Claire's children visited her in hospital but she felt too tired to give them the attention she would have liked; she had to let go of her desire to organise their lives from her hospital bed.

And the children came, and we had a great elaborate plan of how they were going to come individually so that I could give them attention, but to be honest I felt too tired really and I couldn’t give to them what I wanted to give. And they did come and have some time with me, and lie on the bed with me but it didn’t work out how I imagined it would, and I wanted to control what was going on at home from my hospital bed and I couldn’t do that either, so I had to let go of that and just try not to think too much about what was going on at home.

Claire worried about going into hospital; being shown around beforehand scared her more because it felt alien and she didn't seem ill enough to be there, but she gradually got used to it.
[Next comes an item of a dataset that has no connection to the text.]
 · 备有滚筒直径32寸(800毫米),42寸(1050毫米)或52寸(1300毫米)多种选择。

And I was shown around the ward before I went in, which I was hoping would make me feel better and not so scared, but actually it made me feel more frightened really because it was somewhere alien to me and that I couldn’t imagine, and I did see a lot of ill people, and I still thought of myself as not really being that ill.

 

But anyway I went into hospital for my first chemo, I packed my bag and I was told that I might have to be in for up to 6 weeks and that I would feel very tired and that people react differently to their chemo, and some people get ill and some people don’t feel ill, and they have some fantastic anti-sickness drugs now and I don’t think I ever met anyone who really suffered from the sickness, which was to me, I thought I would get really sick, but you don’t. And I went into a ward first, which again I just felt that I shouldn’t really be there, that I wasn’t that ill. And I began to feel the longer that I was there I felt a bit more comfortable with it. The nurses were really friendly and the doctors that were around really explained well what was going to happen. But I was still frightened of actually the chemo and what it was going to do to me. And I didn’t really understand at that point what it was going to involve really.

Claire had many tests before her donor stem cell transplant to check that she was healthy enough to withstand it.
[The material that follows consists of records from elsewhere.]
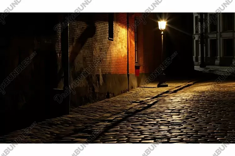 darkness light and shade illustration contrast shadow, glow alleyway, cobblestone path darkness light and shade
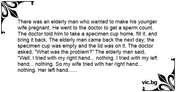 There was an elderly man who wanted to make his younger wife pregnant. He went to the doctor to get a sреrм count. The doctor told him to take a specimen cup home, fill it, and bring it back. The elderly man came back the next day; the specimen cup was empty and the lid was on it. The doctor asked, "What was the problem?" The elderly man said, "Well, I tried with my right hand... nothing. I tried with my left hand... nothing. So my wife tried with her right hand... nothing. Her left hand... nothing. Her mouth... nothing. Then my wife's friend tried. Right hand, left hand, mouth... still nothing. The doctor replied, "Wait a minute, did you say your wife's friend too?!" The elderly man answered, "Yeah, and we still couldn't get the lid off of the specimen cup."
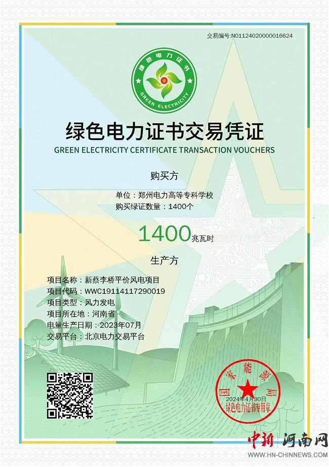 鄭州電力高等?茖W(xué)校在電力交易平臺購買綠色電力證書交易

Oh yes, I had to prepare for transplant and I had to be quite well. I couldn’t, you know, if I’d had flu or something, and I tried to steer clear from people who were ill, or an environment where I might pick something up. And I had to prepare, I had to have lots of tests, lung function tests and - oh I can’t even remember half the tests that I had - CT Scan, yeah, it was quite a lot of tests, but they were OK, it wasn’t too stressful really, and by then I was so familiar with my surroundings that it wasn’t a big deal any more.

 

So then what happens, you have your tests?

 

And then you, what, when I had the radiation you mean?

 

Yeah I mean, so they do all these tests, why do they do those?

 

Just to make sure you are well enough for your transplant really. Because the type of transplant I had was, you know, it was the big one and you have to be under 40, is the cut off point, because it is quite gruelling and you have to have radiation, and then chemo, and then your transplant, so you really have to sort of go, your bone marrow all has to be killed off as far as I know, I’m not an expert.